Prev Next
PREDAVANJE: Statistical issues emerging in training and evaluating classification models in presence of rare events

V okviru biostatističnega centra bo v ponedeljek, 7. junija 2010, ob 13. uri predavanje na IBMI. Predavala bo Giovanna Menardi z univerze v Padovi.

Statistical issues emerging in training and evaluating classification models in presence of rare events

The problem of modeling binary responses by using cross sectional data has found a number of satisfying solutions extending throughout both parametric and nonparametric methods. Examples are traditional classification models like logistic regression, discriminant analysis, classification trees or procedures at the forefront as neural networks or combinations of classifiers (bagging, boosting, random forests).

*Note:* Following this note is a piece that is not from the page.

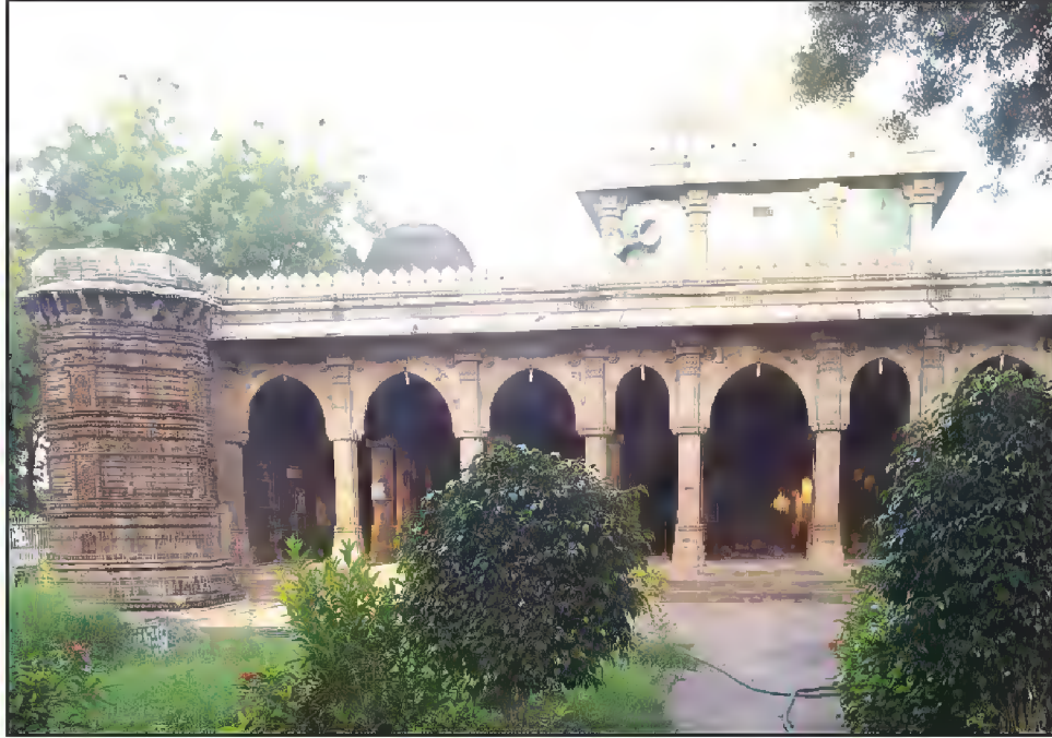
اندرونی منظر، مسجد حضرت ابو محمد بخاریؒ، عرف بابالولوی، منجوری، احمد آباد

These models are based on the implicit assumption that the distribution of the responses is well balanced over the sample. However, there exist many real situations where it is a priori known that one of the two responses (usually the most interesting for the analysis) is rare. This class imbalance occurs in several domains as for example finance (detection of defaulter credit applicants), epidemiology (diagnosis of rare diseases), social sciences (analysis of anomalous behaviors), computer sciences (identification of some features of interest in image data). The class imbalance heavily afiects both the model estimation and the evaluation of its accuracy. Classification methods are in fact conceived to estimate the model that best fits the data according to some criterion of global accuracy. When data are unbalanced the model tends to focus on the prevalent class and ignore the rare events (Japkowicz, and Stephen, 2002). Moreover, when evaluating the quality of the classification, the same measures of global accuracy may lead to misleading results or even if alternative error measures are used, the scarcity of data conducts to high variance estimates of the error rate, especially for the rare class. In this work an unified and systematic framework for dealing with both the problems is proposed, based on a smoothed bootstrap form of re-sampling from data. The proposed technique includes some of the existing solutions as a special case, it is supported by a theoretical framework and reduces the risk of model overfitting. The presented talk is based on joint work with prof. Nicola Torelli from University of Trieste.